[[ INFORMATION GIVEN open ]]

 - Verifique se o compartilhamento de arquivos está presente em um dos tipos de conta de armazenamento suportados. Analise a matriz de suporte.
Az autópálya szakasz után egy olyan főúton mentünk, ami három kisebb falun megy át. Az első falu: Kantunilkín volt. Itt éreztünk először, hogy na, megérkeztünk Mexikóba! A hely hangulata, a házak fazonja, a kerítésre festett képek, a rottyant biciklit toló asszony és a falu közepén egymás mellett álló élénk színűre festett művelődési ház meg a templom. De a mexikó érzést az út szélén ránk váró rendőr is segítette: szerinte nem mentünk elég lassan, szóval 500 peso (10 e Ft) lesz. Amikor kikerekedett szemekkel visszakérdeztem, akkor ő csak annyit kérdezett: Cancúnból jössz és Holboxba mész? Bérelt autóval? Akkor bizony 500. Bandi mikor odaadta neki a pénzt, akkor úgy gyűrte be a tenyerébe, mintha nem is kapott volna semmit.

[[ INFORMATION GIVEN closed ]]
[[ INFORMATION GIVEN open ]]

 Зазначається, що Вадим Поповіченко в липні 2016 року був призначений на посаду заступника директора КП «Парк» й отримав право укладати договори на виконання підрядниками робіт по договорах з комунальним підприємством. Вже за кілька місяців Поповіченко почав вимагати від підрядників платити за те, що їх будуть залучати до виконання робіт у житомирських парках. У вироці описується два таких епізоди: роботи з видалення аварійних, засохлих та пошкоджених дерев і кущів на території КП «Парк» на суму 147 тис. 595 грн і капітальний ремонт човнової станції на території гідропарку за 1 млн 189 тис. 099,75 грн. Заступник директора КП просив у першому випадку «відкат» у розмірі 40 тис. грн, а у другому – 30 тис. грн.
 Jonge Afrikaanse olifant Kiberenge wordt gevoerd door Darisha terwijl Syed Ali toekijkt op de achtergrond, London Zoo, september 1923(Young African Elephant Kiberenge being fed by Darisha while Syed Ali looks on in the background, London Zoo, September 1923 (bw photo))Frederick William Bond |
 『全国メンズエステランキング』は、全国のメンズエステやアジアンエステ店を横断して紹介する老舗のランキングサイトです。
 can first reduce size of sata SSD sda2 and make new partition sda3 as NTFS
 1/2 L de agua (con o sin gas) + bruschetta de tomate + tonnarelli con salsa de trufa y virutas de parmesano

[[ INFORMATION GIVEN closed ]]
[[ INFORMATION GIVEN open ]]

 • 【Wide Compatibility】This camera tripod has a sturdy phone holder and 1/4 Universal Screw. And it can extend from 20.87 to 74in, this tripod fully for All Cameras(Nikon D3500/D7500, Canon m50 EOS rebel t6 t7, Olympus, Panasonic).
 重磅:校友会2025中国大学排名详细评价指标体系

[[ INFORMATION GIVEN closed ]]

WORK ITEM: In the records above, find the line with "- Verifique se"; write out exactly that line and each one after it, stopping after the line with "Az autópálya szakasz".

ANSWER TO THIS PROBLEM:
 - Verifique se o compartilhamento de arquivos está presente em um dos tipos de conta de armazenamento suportados. Analise a matriz de suporte.
Az autópálya szakasz után egy olyan főúton mentünk, ami három kisebb falun megy át. Az első falu: Kantunilkín volt. Itt éreztünk először, hogy na, megérkeztünk Mexikóba! A hely hangulata, a házak fazonja, a kerítésre festett képek, a rottyant biciklit toló asszony és a falu közepén egymás mellett álló élénk színűre festett művelődési ház meg a templom. De a mexikó érzést az út szélén ránk váró rendőr is segítette: szerinte nem mentünk elég lassan, szóval 500 peso (10 e Ft) lesz. Amikor kikerekedett szemekkel visszakérdeztem, akkor ő csak annyit kérdezett: Cancúnból jössz és Holboxba mész? Bérelt autóval? Akkor bizony 500. Bandi mikor odaadta neki a pénzt, akkor úgy gyűrte be a tenyerébe, mintha nem is kapott volna semmit.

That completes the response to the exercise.